The above, as well as additional purposes, features, and advantages of exemplary embodiments of the present disclosure will become readily apparent from the following detailed description when read in conjunction with the accompanying drawings. Several embodiments of the present disclosure are illustrated by way of example, and not by way of limitation, in the figures of the accompanying drawings and in which like reference numerals refer to similar or corresponding parts and in which:

FIG. 1 is a simplified block diagram schematically illustrating an artificial intelligence processor according to an embodiment of the present disclosure;

FIG. 2 is a detailed block diagram schematically illustrating a task scheduler according to an embodiment of the present disclosure;

FIG. 3 is a simplified flowchart schematically illustrating a method for performing task scheduling according to the present disclosure;

FIG. 4 is a flow chart schematically illustrating details of a method for performing task scheduling according to an embodiment of the present disclosure;

FIG. 5 is a schematic flow chart diagram illustrating a method for performing task scheduling according to an embodiment of the present disclosure;

FIG. 6 is a state transition diagram schematically illustrating a process for performing task scheduling according to an embodiment of the present disclosure;

FIG. 7 is a schematic diagram illustrating the architecture of software and hardware for data flow programming according to an embodiment of the present disclosure;

fig. 8 is a block diagram illustrating a board card according to an embodiment of the present disclosure;

fig. 9 is a block diagram showing a combination processing apparatus according to an embodiment of the present disclosure;

FIG. 10 is a schematic diagram illustrating the internal structure of a computing device according to an embodiment of the present disclosure;

FIG. 11 is a schematic diagram illustrating the internal architecture of a processor core according to an embodiment of the present disclosure; and

FIG. 12 is a schematic diagram illustrating a data write process between processor cores of different clusters according to an embodiment of the present disclosure.

Detailed Description

The following description of the embodiments of the present disclosure will be made clearly and fully with reference to the accompanying drawings of the embodiments of the present disclosure, in which it is apparent that the described embodiments are some, but not all, embodiments of the present disclosure. All other embodiments, which can be made by those skilled in the art without the inventive effort, based on the embodiments in this disclosure are intended to be within the scope of this disclosure.

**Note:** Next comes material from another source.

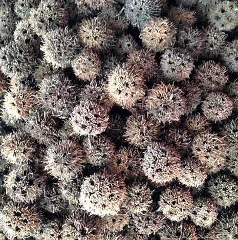 【药材】干燥复果呈圆球形,直径2~3厘米。表面灰棕色或暗棕色,上有多数鸟嘴状针刺,长约5~8毫米,常折断;苞片卷成筒状,有时裂开,内藏多数小蒴果。复果基部残留果柄,有时折断。蒴果细小,直径1~2毫米,顶端有一裂孔,内有种子2枚。种子淡褐色,有光泽。气特异,味淡。以色黄、个大者为佳。

It should be understood that the terms "first," "second," "third," and "fourth," etc. in the claims, specification, and drawings of this disclosure are used for distinguishing between different objects and not for describing a particular sequential order. The terms "comprises" and "comprising" when used in the specification and claims of this disclosure are taken to specify the presence of stated features, integers, steps, operations, elements, and/or components, but do not preclude the presence or addition of one or more other features, integers, steps, operations, elements, components, and/or groups thereof.

It is also to be understood that the terminology used in the description of the disclosure herein is for the purpose of describing particular embodiments only, and is not intended to be limiting of the disclosure. As used in this disclosure and in the claims, the singular forms "a," "an," and "the" are intended to include the plural forms as well, unless the context clearly indicates otherwise. It should be further understood that the term "and/or" as used in the present disclosure and claims refers to any and all possible combinations of one or more of the associated listed items, and includes such combinations.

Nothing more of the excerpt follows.